US 12,217,738 B2
Method for generating training data and method for post-processing of speech recognition using the same
Heuiseok Lim, Seoul (KR); and Chanjun Park, Seoul (KR)
Assigned to Korea University Research and Business Foundation, Seoul (KR)
Filed by Korea University Research and Business Foundation, Seoul (KR)
Filed on May 9, 2022, as Appl. No. 17/739,383.
Claims priority of application No. 10-2021-0060914 (KR), filed on May 11, 2021.
Prior Publication US 2022/0366894 A1, Nov. 17, 2022
Int. Cl. G10L 15/06 (2013.01); G06F 40/166 (2020.01); G10L 13/00 (2006.01)
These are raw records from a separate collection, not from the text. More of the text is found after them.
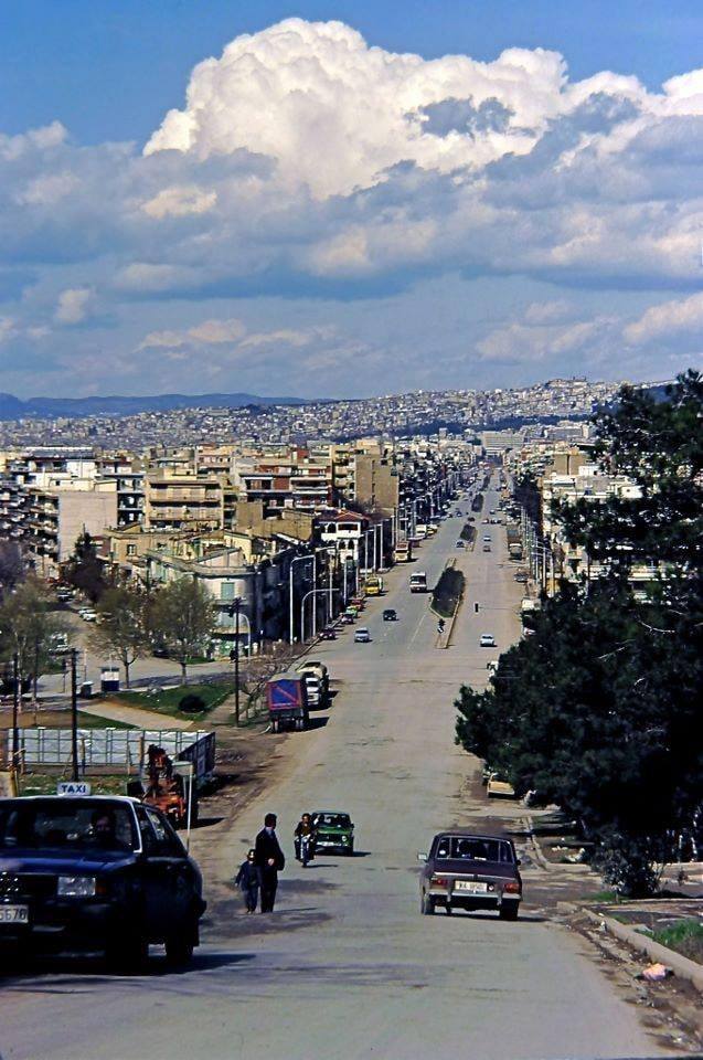 «Πολύ έντονες αναμνήσεις. Το ταξί είναι σταματημένο έξω από το ιδιωτικό σχολείο “Η Κυψέλη” νομίζω. Αργότερα λειτούργησε μόνο ως παιδικός σταθμός “Η Στοργή. Ο ναός των Τριών Ιεραρχών δε φαίνεται. Πρωτολειτούργησε στο υπόγειο το 1980. Στη συνέχεια υψώθηκε ο πάνω ναός. Το “τρίγωνο” σπίτι κάτω αριστερά υπάρχει ακόμη. Η αφετηρία του 31 ήταν πιο μέσα. Η γειτονιά μου με την αλάνα του Μ. Αλέξανδρου δεξιά, το υδραγωγείο απέναντι από την αλάνα…Κάθε σπίτι μια αυλή».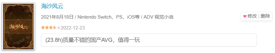 通关『空洞骑士』后我就在玩『海沙风云』了。这是一个各方面水平都在线的AVG,没什么特别需要评价,但毕竟有“国产”这一buff加持,让我有了一些好感。总之我打完了全路线、全成就。我认为比较好或新奇的有这几点:警匪题材,剧情轻松,少女主角,全程粤配。我最喜欢的是游戏整体的体验,也就是通过各种不同的视角经历同一件事情,知道完整的真相。至于缺点,主要就是不能随时读档和剧本、人设上的小问题吧。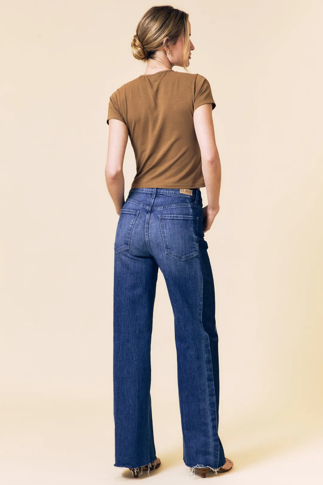 - High rise wide leg jeans with tuxedo stripes/contrast wash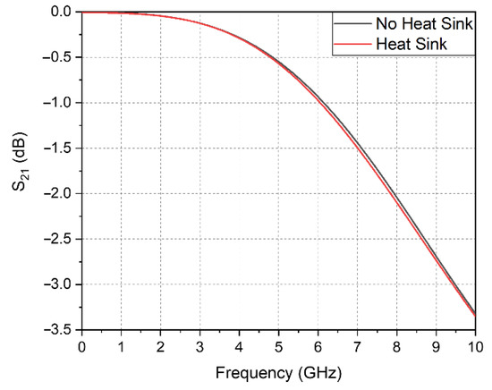 The transferred loss from the chip’s output pad to the end of the SMA connector is shown in Figure 10. The loss of the simulated transition structure at 6.5 GHz is 1.1 dB, including the wire bonding effect. Given that the designed aluminum heat sink is attached over the SMA connector near the RF line, an effect of the heat sink on the RF signal is seen. As shown in Figure 10, even when the heat sink is attached, the loss in the transition structure is 1.2 dB, i.e., only a 0.1 dB difference. Through this, it was confirmed that the heat dissipation of the chip that occurs during the in-vivo experiment is solved by the heat sink. Thus, this design is feasible for use as it also has a negligible effect on the RF performance.
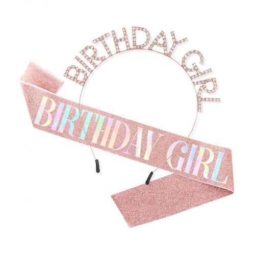 1 x rhinestone birthday girl head band; 1 x rosegold birthday sash |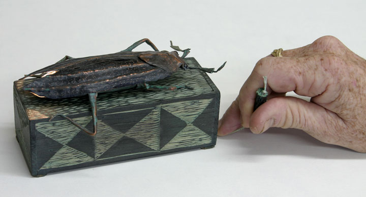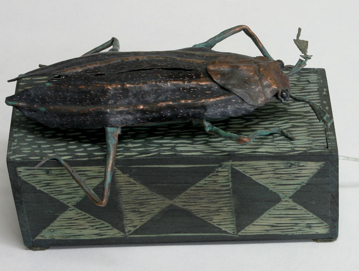 painted forged copper, wood, electric parts

CPC G10L 15/063 (2013.01) [G06F 40/166 (2020.01); G10L 13/00 (2013.01)] 6 Claims
OG exemplary drawing
 
1. A training data construction method performed by a computing apparatus comprising at least one processor, the training data construction method comprising:
converting first text data, which is an initial text of mono corpus including a plurality of sentences, to first speech data using a predetermined text-to-speech scheme;
generating second speech data based on the first speech data, the generating comprising:
adding noise to the first speech data;
performing a frequency transformation on the first speech data;
removing a portion of a predetermined frequency band of the first speech data; and
performing a retransformation to a time domain to generate the second speech data; and
converting the second speech data to second text data, which is a final text,
wherein the second text data includes a plurality of sentences corresponding to each of the plurality of sentences included in the first text data, thereby constituting a parallel corpus with the first text data.